- Dataset excerpt
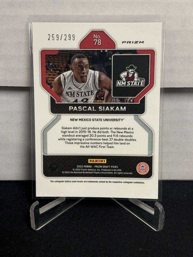 Type: Sports Trading Card Card Number: 78 Team: New Mexico State Aggies, Toronto Raptors Card Size: Standard Features: Parallel/Variety, Serial Numbered, Short Print, Base Set Autographed: No League: National Basketball Association (NBA), National Collegiate Athletic Association (NCAA) Parallel/Variety: Red Prizm Sport: Basketball Set: 2022 Panini Prizm Season: 2022-23 Print Run: 299 Manufacturer: Panini Player/Athlete: Pascal Siakam
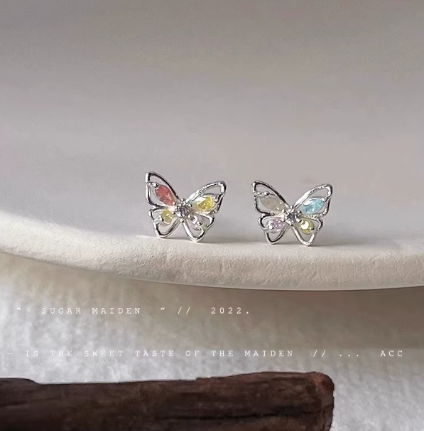 「庄周梦蝶」超可爱镶嵌彩锆蝴蝶小耳钉~迷你耳饰耳夹超精致
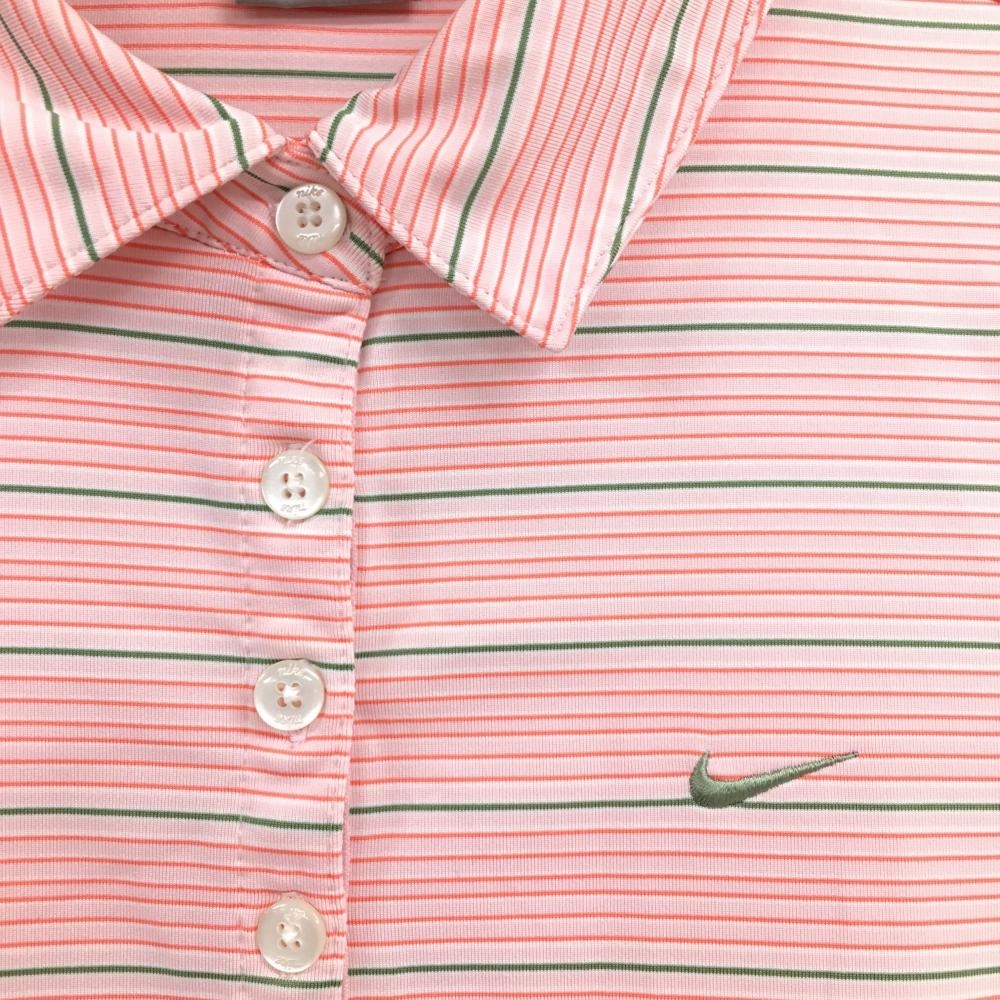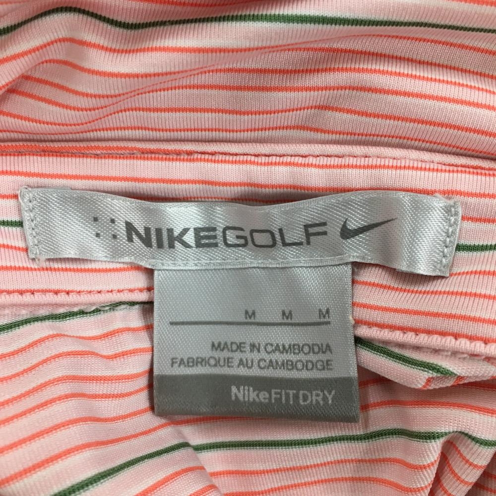 【超美品】ナイキゴルフ 半袖ポロシャツ ピンク×グリーン ボーダー FITDRY ストレッチ レディース M ゴルフウェア NIKE

- To do
Could you give back the full listing word for word, leaving out the images?

- Result for this task
 Type: Sports Trading Card Card Number: 78 Team: New Mexico State Aggies, Toronto Raptors Card Size: Standard Features: Parallel/Variety, Serial Numbered, Short Print, Base Set Autographed: No League: National Basketball Association (NBA), National Collegiate Athletic Association (NCAA) Parallel/Variety: Red Prizm Sport: Basketball Set: 2022 Panini Prizm Season: 2022-23 Print Run: 299 Manufacturer: Panini Player/Athlete: Pascal Siakam
 「庄周梦蝶」超可爱镶嵌彩锆蝴蝶小耳钉~迷你耳饰耳夹超精致
 【超美品】ナイキゴルフ 半袖ポロシャツ ピンク×グリーン ボーダー FITDRY ストレッチ レディース M ゴルフウェア NIKE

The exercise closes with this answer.